Records for the exercise>
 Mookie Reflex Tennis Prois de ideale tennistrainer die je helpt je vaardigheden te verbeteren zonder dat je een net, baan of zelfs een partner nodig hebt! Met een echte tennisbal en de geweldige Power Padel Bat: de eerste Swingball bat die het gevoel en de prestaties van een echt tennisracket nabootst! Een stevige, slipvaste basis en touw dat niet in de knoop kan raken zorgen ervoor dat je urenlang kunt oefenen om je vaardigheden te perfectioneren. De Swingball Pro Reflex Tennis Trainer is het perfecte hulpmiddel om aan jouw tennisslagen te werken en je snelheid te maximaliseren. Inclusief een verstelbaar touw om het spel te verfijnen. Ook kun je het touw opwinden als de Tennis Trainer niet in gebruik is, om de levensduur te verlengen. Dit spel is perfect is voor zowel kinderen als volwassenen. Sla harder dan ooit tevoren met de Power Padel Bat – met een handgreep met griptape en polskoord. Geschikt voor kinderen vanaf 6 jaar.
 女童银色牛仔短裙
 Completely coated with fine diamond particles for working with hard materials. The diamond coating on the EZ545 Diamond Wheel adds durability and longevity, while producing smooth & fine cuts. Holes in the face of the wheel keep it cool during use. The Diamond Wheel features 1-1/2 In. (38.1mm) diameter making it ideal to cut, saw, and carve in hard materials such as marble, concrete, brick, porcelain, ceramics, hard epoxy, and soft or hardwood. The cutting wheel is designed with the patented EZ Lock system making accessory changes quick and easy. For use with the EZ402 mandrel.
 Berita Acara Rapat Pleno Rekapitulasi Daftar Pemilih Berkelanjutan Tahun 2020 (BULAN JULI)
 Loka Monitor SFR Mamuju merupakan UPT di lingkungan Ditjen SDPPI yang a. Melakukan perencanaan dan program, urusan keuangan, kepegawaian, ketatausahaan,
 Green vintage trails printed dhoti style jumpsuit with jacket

Work to complete> Each line in which the string "with" is found must be copied from the data.

Answer to the exercise>
 Completely coated with fine diamond particles for working with hard materials. The diamond coating on the EZ545 Diamond Wheel adds durability and longevity, while producing smooth & fine cuts. Holes in the face of the wheel keep it cool during use. The Diamond Wheel features 1-1/2 In. (38.1mm) diameter making it ideal to cut, saw, and carve in hard materials such as marble, concrete, brick, porcelain, ceramics, hard epoxy, and soft or hardwood. The cutting wheel is designed with the patented EZ Lock system making accessory changes quick and easy. For use with the EZ402 mandrel.
 Green vintage trails printed dhoti style jumpsuit with jacket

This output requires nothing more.